> DATASET CONTENT:
####################

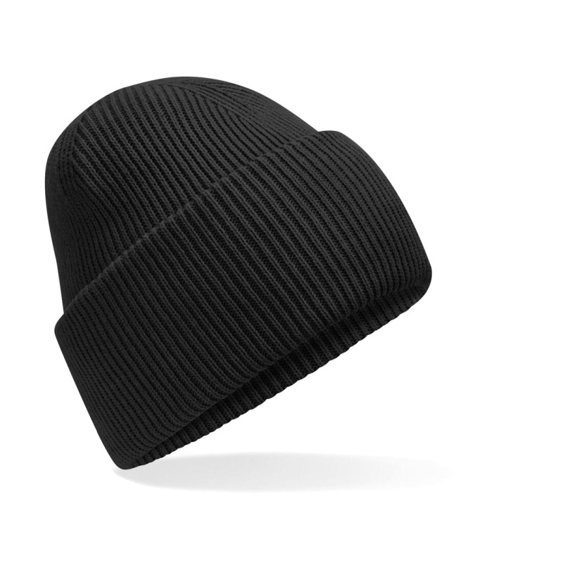 Bonnet en bord côte. Double épaisseur. Revers pour faciliter le marquage. Étiquette détachable.
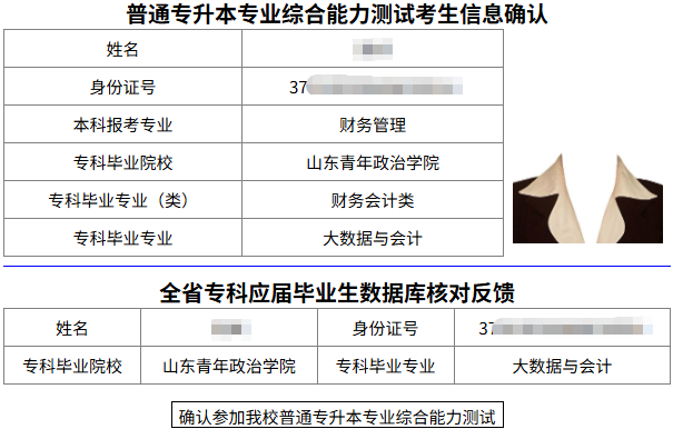 二、确认页面上半部分是考生报考信息,下半部分是全省专科应届毕业生数据库核对反馈信息。
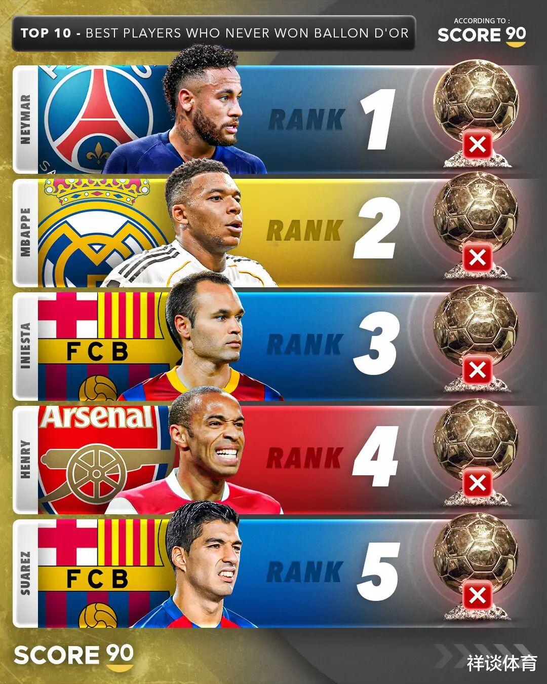 排在第1位的是内马尔,客观来说内马尔的天赋以及其巅峰期所展示出的水准,放在任何足球年代都是顶级的。甚至如果他能够小几岁或者大几岁的话,都有希望争夺金球奖。可唯独在梅西C罗统治足坛的年代,内马尔只能是第3人。再加上伤病的侵袭,所以这位巴西前锋职业生涯与金球奖无缘,这令无数球迷感到遗憾。排在第一实至名归。排在第2位的是姆巴佩,皇马前锋之所以能够排这么高。主要原因在于,现阶段留给他的时间已经不多。

####################

Reproduce the lines above, exactly and exclusively, from the line containing "二、确认页面上半部分是考生报" down to the last line, both included; pictures are not part of the copy.

> SOLVED PROBLEM:
 二、确认页面上半部分是考生报考信息,下半部分是全省专科应届毕业生数据库核对反馈信息。
 排在第1位的是内马尔,客观来说内马尔的天赋以及其巅峰期所展示出的水准,放在任何足球年代都是顶级的。甚至如果他能够小几岁或者大几岁的话,都有希望争夺金球奖。可唯独在梅西C罗统治足坛的年代,内马尔只能是第3人。再加上伤病的侵袭,所以这位巴西前锋职业生涯与金球奖无缘,这令无数球迷感到遗憾。排在第一实至名归。排在第2位的是姆巴佩,皇马前锋之所以能够排这么高。主要原因在于,现阶段留给他的时间已经不多。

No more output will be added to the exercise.